━━━━━ Provided material ━━━━━
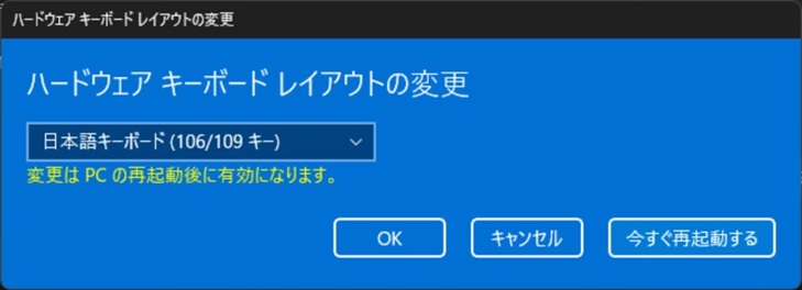 設定変更後、PC の再起動が必用となります。
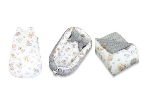 Lot d'un cocon (réducteur de lit), une couverture 75x100 et une gigoteuse 0-6mois. Ces 3 éléments ont le mêmes dessins de koala.
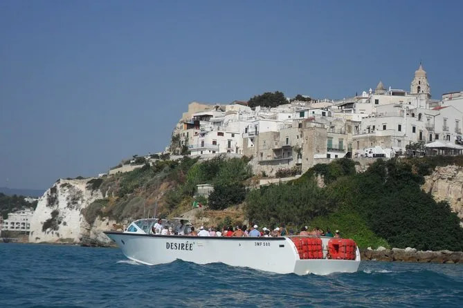 Embarquez pour une croisière le long de la côte sauvage de Gagano à Vieste, entre grottes marines cachées et falaises blanches spectaculaires, avec des anecdotes en direct par votre guide local. Profitez d’une pause baignade à Spiaggia dei Gabbiani — un espresso sur la plage est fortement conseillé — et découvrez des paysages inaccessibles par la route.
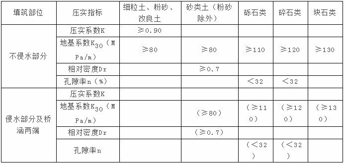 注:括号内为砂类土(粉砂除外)、砾石类、碎石类、块石类中渗水填料的压实标准。K30为直径30cm平板荷载试验的地基系数;K为重型击实试验的压实系数。
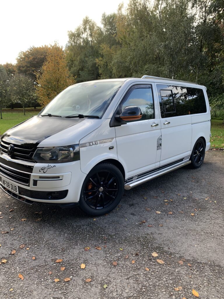 Beautiful well looked after campervan in candy white, long MOT Aug 2023, recently serviced. Lots of history, lowered 50mm, 19” Range Rover alloys. Pendle re-map 160bhp, great miles to the gallon, professional conversion by Moores Campers in Bristol. Rock & Roll bed, cooker, sink, fridge, electric hookup and storage. Captain seats with passenger swivel base, loads of extras.
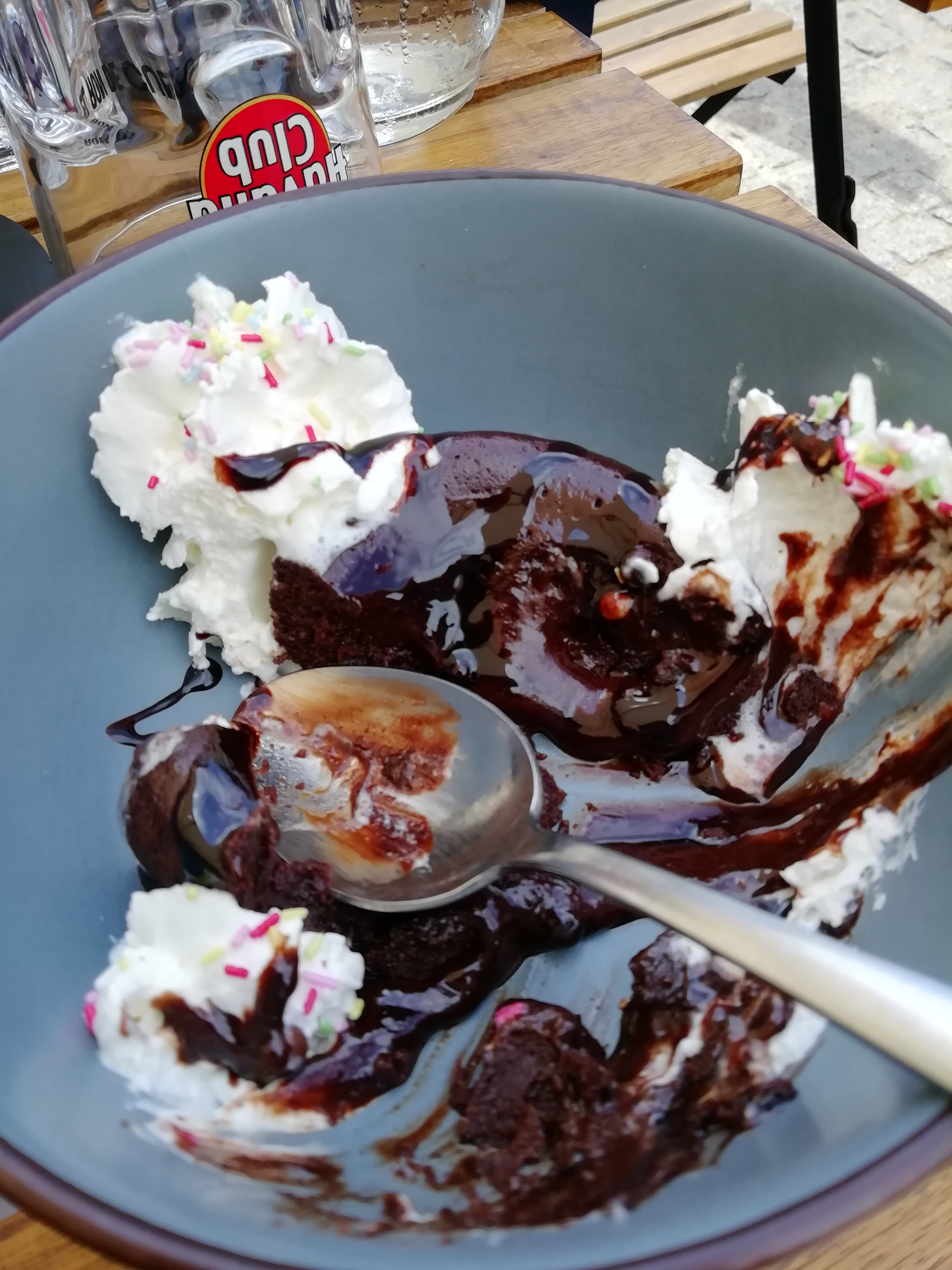 Le croque monsieur était froid au milieu mais la partie chaude était bonne. (La deuxième photo montre toutes les parties froides que j'ai dû laisser de côté) J'ai senti les parties froides et elles étaient glacées, comme s'ils venaient d'avoir un tas de croque monsieurs assis dans le congélateur pour être réchauffés. L'ambiance était correcte (nous nous sommes assis dans le jardin à l'arrière) mais ils diffusaient de la musique forte juste à côté de notre table. Dans l'ensemble, c'était assez décevant et je suis sûr qu'il existe d'autres endroits à Carcassonne qui vous offriraient une meilleure expérience.
━━━━━
* [The task] Please retype the lines from the one containing "Embarquez pour une" through the last line of the records above, exactly as written, and leave out any pictures.

* [Solution]
 Embarquez pour une croisière le long de la côte sauvage de Gagano à Vieste, entre grottes marines cachées et falaises blanches spectaculaires, avec des anecdotes en direct par votre guide local. Profitez d’une pause baignade à Spiaggia dei Gabbiani — un espresso sur la plage est fortement conseillé — et découvrez des paysages inaccessibles par la route.
 注:括号内为砂类土(粉砂除外)、砾石类、碎石类、块石类中渗水填料的压实标准。K30为直径30cm平板荷载试验的地基系数;K为重型击实试验的压实系数。
 Beautiful well looked after campervan in candy white, long MOT Aug 2023, recently serviced. Lots of history, lowered 50mm, 19” Range Rover alloys. Pendle re-map 160bhp, great miles to the gallon, professional conversion by Moores Campers in Bristol. Rock & Roll bed, cooker, sink, fridge, electric hookup and storage. Captain seats with passenger swivel base, loads of extras.
 Le croque monsieur était froid au milieu mais la partie chaude était bonne. (La deuxième photo montre toutes les parties froides que j'ai dû laisser de côté) J'ai senti les parties froides et elles étaient glacées, comme s'ils venaient d'avoir un tas de croque monsieurs assis dans le congélateur pour être réchauffés. L'ambiance était correcte (nous nous sommes assis dans le jardin à l'arrière) mais ils diffusaient de la musique forte juste à côté de notre table. Dans l'ensemble, c'était assez décevant et je suis sûr qu'il existe d'autres endroits à Carcassonne qui vous offriraient une meilleure expérience.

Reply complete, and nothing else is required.